→ **Work task**
For this exercise, copy all the data exactly and include none of the pictures.
Supplied material Block Start
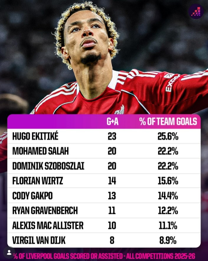 直播吧4月15日讯埃基蒂克疑似跟腱负伤 将长期缺战,这对利物浦攻击力无疑是巨大打击。OPTA盘点了本赛季利物浦队内各项赛事加入 得分 (得分 +助功 )情况,具体如下(加入 得分 +队内占比)
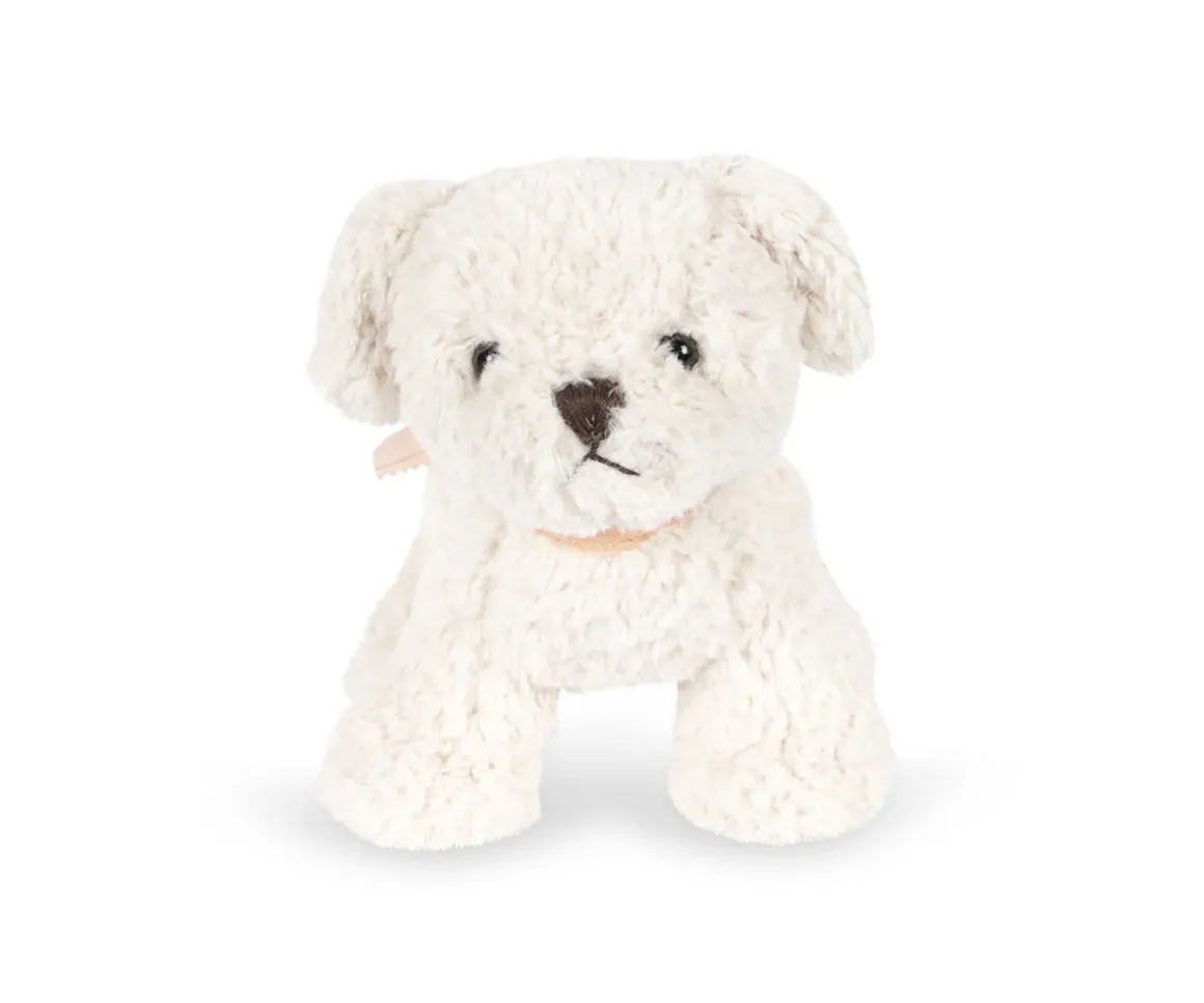 El perrito Madeleine viene en una bonita caja que incluye también su camita y un hueso blandito para poder jugar. Con su gran lazo en el cuello, este perrito es el compañero perfecto para que los más pequeños pasen horas de diversión y ternura.
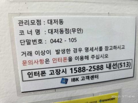 코너명: 대저동점(무인)작업일: 2026-01-16청소형태: 대청소회차: 1회차작업확인: 미확인전송: 완료전송메시지: SUCCESS_COUNT=(18), ERROR_COUNT=(0), RESULT_CODE=(0), RESULT_MESSAGE=(업로드 성공)사진수: 18시작시간: 1140마침시간: 1157 1번 읽음
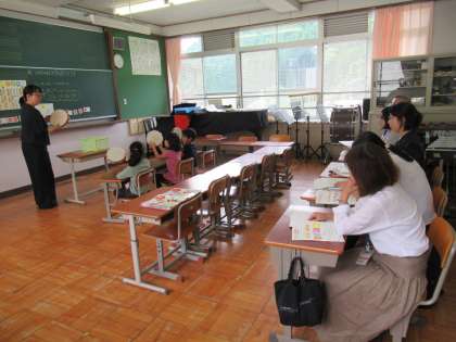 本校では,1年生が音楽,3〜6年生が算数の授業を公開しました。
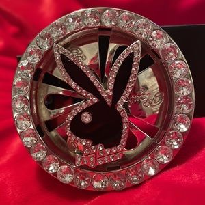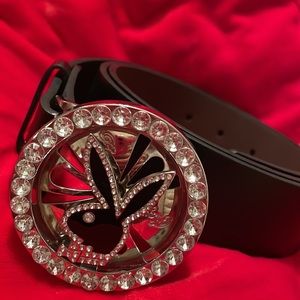 Large glistening stones surround the black enamel Playboy Bunny. The bunny has even more additional bling with an outline of smaller sparkling stones. A twinkling clear stone eye. Bunny spins/rotates freely on buckle. Playboy signature is engraved on the sturdy high gloss chrome buckle. Buckle is attached to a new black belt with snaps which gives you the opportunity to change out the buckle with another favorite. With this being a vintage piece the worn belt has been replaced with a new one.
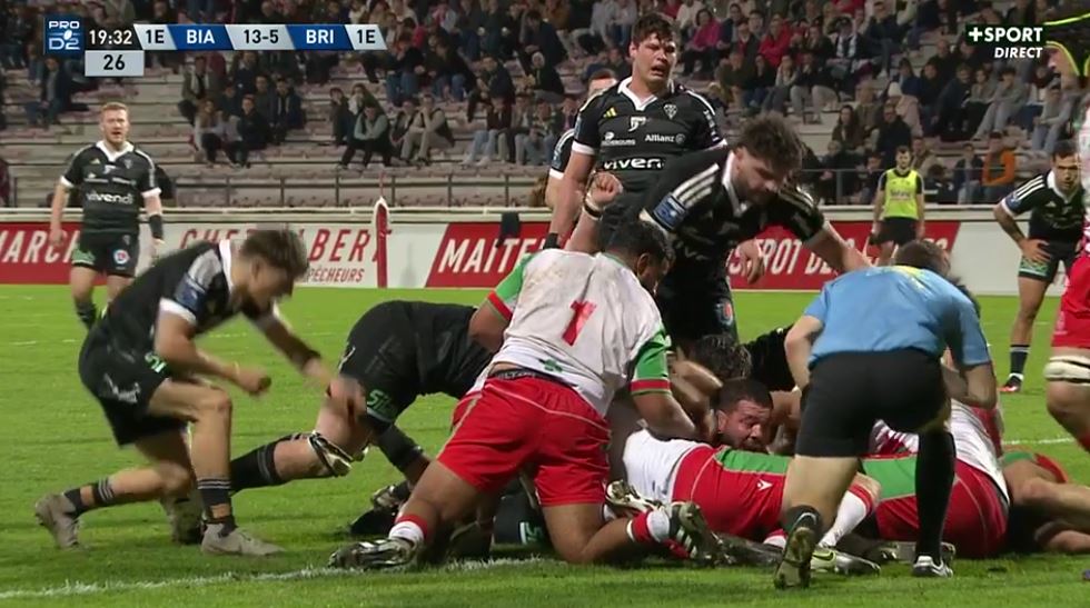 La deuxième période commence tactique. On part sur un jeu d'occupation avec les deux équipes qui cherchent à s'installer dans le camp adverse. A ce petit jeu, Biarritz en sort vainqueur avec la faute de main de Bosch dans ses propres 22 mètres. Les biarrots cherchent à profiter de cette occasion pour revenir dans la rencontre. L'en-but se rapproche mais l'ancien de la maison Asier Usarraga vient gratter le ballon (44'). Victime d'un plaquage haut, Mathis Ferté doit aller passer un protocole commotion (46'). Alors que les deux équipes sont désormais de retour à 15, Biarritz est à nouveau sanctionné, Bosch ajoutant trois points supplémentaires (13-17, 50'). Biarritz a des intentions mais laisse trop de points en route. A l'image de cette pénalité à 15 mètres, face aux perches, totalement manquée par Kylian Jaminet (55'). Si d'un côté, on se montre inefficace, de l'autre côté, on est réaliste. Rahboni Warren-Vosayaco obtient une pénalité au sol. Brive se rapproche de l'en-but avec une touche. Les avants prennent le contrôle de la situation. Le pilonnage est en cours et c'est Francisco Coria Marchetti qui passe la ligne (13-24, 59').
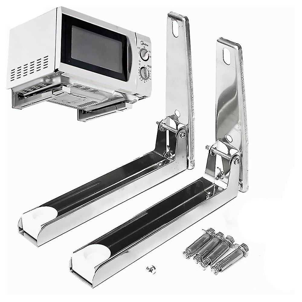 Support Frame Steel Foldable Stretch Shelf Rack Microwave Oven Wall Mount Bracket Stainless Silver
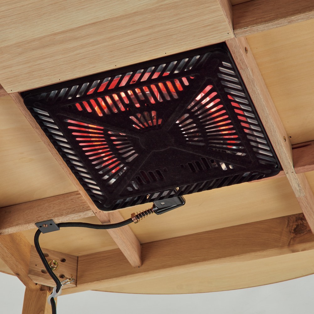 体を芯から暖めてくれる、薄型石英管ファンヒーターを採用。リビングテーブルとしても。
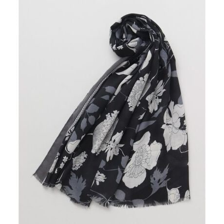 [型番:7CJP5102-2025]大輪の花を繊細なタッチで描いたストール。モダンな色使いで、普段のコーディネートに華を添えてくれます。大判サイズのストールは日よけや冷房対策にも活躍します。春から秋にかけて長く使えるアイテムです。
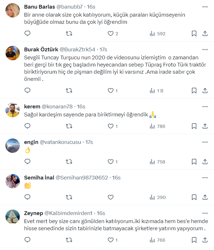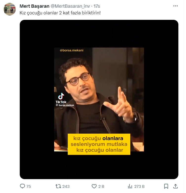 Mert Başaran resmi X hesabı https://twitter.com/MertBasaran_inv üzerinden yaptığı paylaşımda kız çocuğu olanlara seslenerek, "2 kat fazla biriktirin" dedi. Açıklamasında "Kız çocuğu olanlara sesleniyorum, öyle zor bir dünyada yaşıyoruz ki mutlaka bir kere değil iki kere yatırım yapın." diyen Mert Başaran, çocukların geleceği için bireysel emekliliğe hisse senetlerine, topraklara küçük küçük paralar yatırılması tavsiyesini verdi.
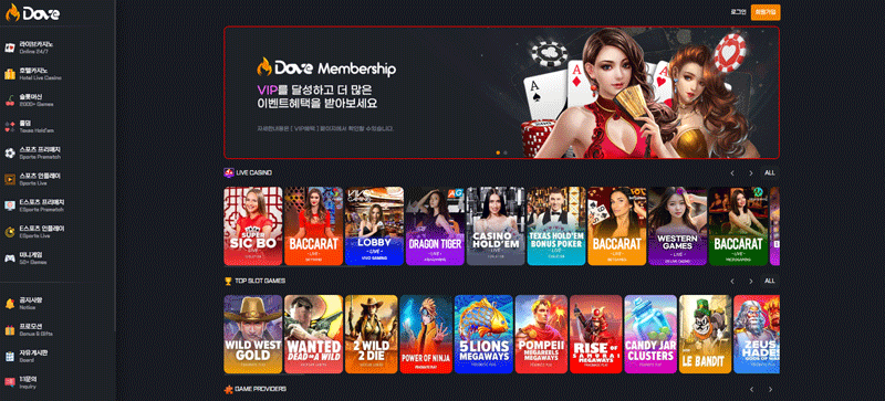 메인 페이지 디자인은 어두운 배경에 선명한 색 대비를 주어 정보 전달력을 높이고, 시각적 피로를 줄여 장시간 이용에도 쾌적함을 유지할 수 있도록 설계되었습니다. 좌측 사이드바에는 라이브 카지노, 호텔카지노, 슬롯머신, 홀덤, 스포츠, e스포츠 등 주요 메뉴가 직관적으로 배치되어 있으며, 상단에는 VIP 멤버십과 주요 이벤트 배너가 위치해 있습니다. 이러한 구조는 초보자부터 고급 이용자까지 모두 빠르게 원하는 기능에 접근하도록 돕습니다.
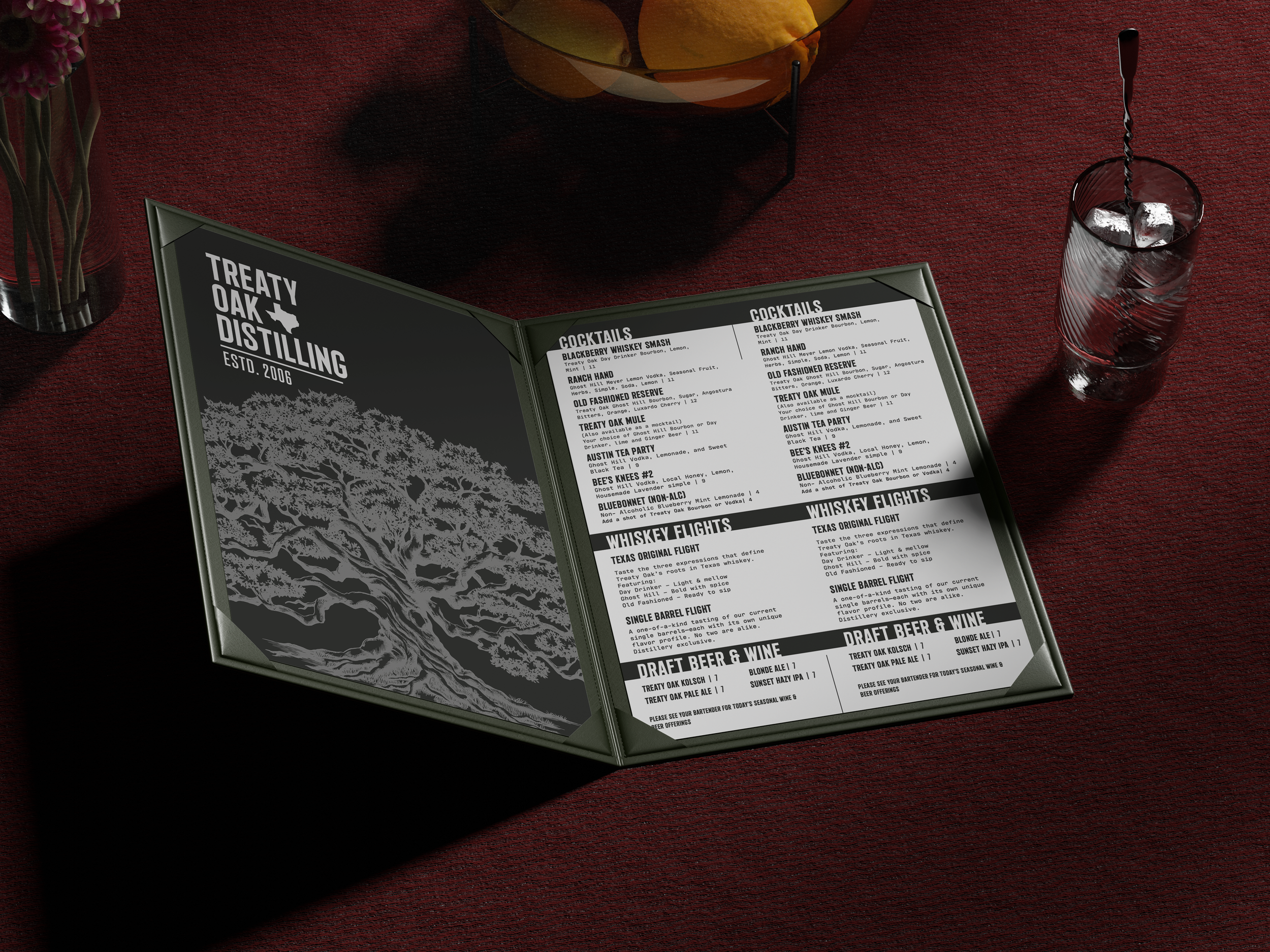 Event, menu, and experiential design for the distillery
Supplied material Block End
→ **Response to the exercise**
 直播吧4月15日讯埃基蒂克疑似跟腱负伤 将长期缺战,这对利物浦攻击力无疑是巨大打击。OPTA盘点了本赛季利物浦队内各项赛事加入 得分 (得分 +助功 )情况,具体如下(加入 得分 +队内占比)
 El perrito Madeleine viene en una bonita caja que incluye también su camita y un hueso blandito para poder jugar. Con su gran lazo en el cuello, este perrito es el compañero perfecto para que los más pequeños pasen horas de diversión y ternura.
 코너명: 대저동점(무인)작업일: 2026-01-16청소형태: 대청소회차: 1회차작업확인: 미확인전송: 완료전송메시지: SUCCESS_COUNT=(18), ERROR_COUNT=(0), RESULT_CODE=(0), RESULT_MESSAGE=(업로드 성공)사진수: 18시작시간: 1140마침시간: 1157 1번 읽음
 本校では,1年生が音楽,3〜6年生が算数の授業を公開しました。
 Large glistening stones surround the black enamel Playboy Bunny. The bunny has even more additional bling with an outline of smaller sparkling stones. A twinkling clear stone eye. Bunny spins/rotates freely on buckle. Playboy signature is engraved on the sturdy high gloss chrome buckle. Buckle is attached to a new black belt with snaps which gives you the opportunity to change out the buckle with another favorite. With this being a vintage piece the worn belt has been replaced with a new one.
 La deuxième période commence tactique. On part sur un jeu d'occupation avec les deux équipes qui cherchent à s'installer dans le camp adverse. A ce petit jeu, Biarritz en sort vainqueur avec la faute de main de Bosch dans ses propres 22 mètres. Les biarrots cherchent à profiter de cette occasion pour revenir dans la rencontre. L'en-but se rapproche mais l'ancien de la maison Asier Usarraga vient gratter le ballon (44'). Victime d'un plaquage haut, Mathis Ferté doit aller passer un protocole commotion (46'). Alors que les deux équipes sont désormais de retour à 15, Biarritz est à nouveau sanctionné, Bosch ajoutant trois points supplémentaires (13-17, 50'). Biarritz a des intentions mais laisse trop de points en route. A l'image de cette pénalité à 15 mètres, face aux perches, totalement manquée par Kylian Jaminet (55'). Si d'un côté, on se montre inefficace, de l'autre côté, on est réaliste. Rahboni Warren-Vosayaco obtient une pénalité au sol. Brive se rapproche de l'en-but avec une touche. Les avants prennent le contrôle de la situation. Le pilonnage est en cours et c'est Francisco Coria Marchetti qui passe la ligne (13-24, 59').
 Support Frame Steel Foldable Stretch Shelf Rack Microwave Oven Wall Mount Bracket Stainless Silver
 体を芯から暖めてくれる、薄型石英管ファンヒーターを採用。リビングテーブルとしても。
 [型番:7CJP5102-2025]大輪の花を繊細なタッチで描いたストール。モダンな色使いで、普段のコーディネートに華を添えてくれます。大判サイズのストールは日よけや冷房対策にも活躍します。春から秋にかけて長く使えるアイテムです。
 Mert Başaran resmi X hesabı https://twitter.com/MertBasaran_inv üzerinden yaptığı paylaşımda kız çocuğu olanlara seslenerek, "2 kat fazla biriktirin" dedi. Açıklamasında "Kız çocuğu olanlara sesleniyorum, öyle zor bir dünyada yaşıyoruz ki mutlaka bir kere değil iki kere yatırım yapın." diyen Mert Başaran, çocukların geleceği için bireysel emekliliğe hisse senetlerine, topraklara küçük küçük paralar yatırılması tavsiyesini verdi.
 메인 페이지 디자인은 어두운 배경에 선명한 색 대비를 주어 정보 전달력을 높이고, 시각적 피로를 줄여 장시간 이용에도 쾌적함을 유지할 수 있도록 설계되었습니다. 좌측 사이드바에는 라이브 카지노, 호텔카지노, 슬롯머신, 홀덤, 스포츠, e스포츠 등 주요 메뉴가 직관적으로 배치되어 있으며, 상단에는 VIP 멤버십과 주요 이벤트 배너가 위치해 있습니다. 이러한 구조는 초보자부터 고급 이용자까지 모두 빠르게 원하는 기능에 접근하도록 돕습니다.
 Event, menu, and experiential design for the distillery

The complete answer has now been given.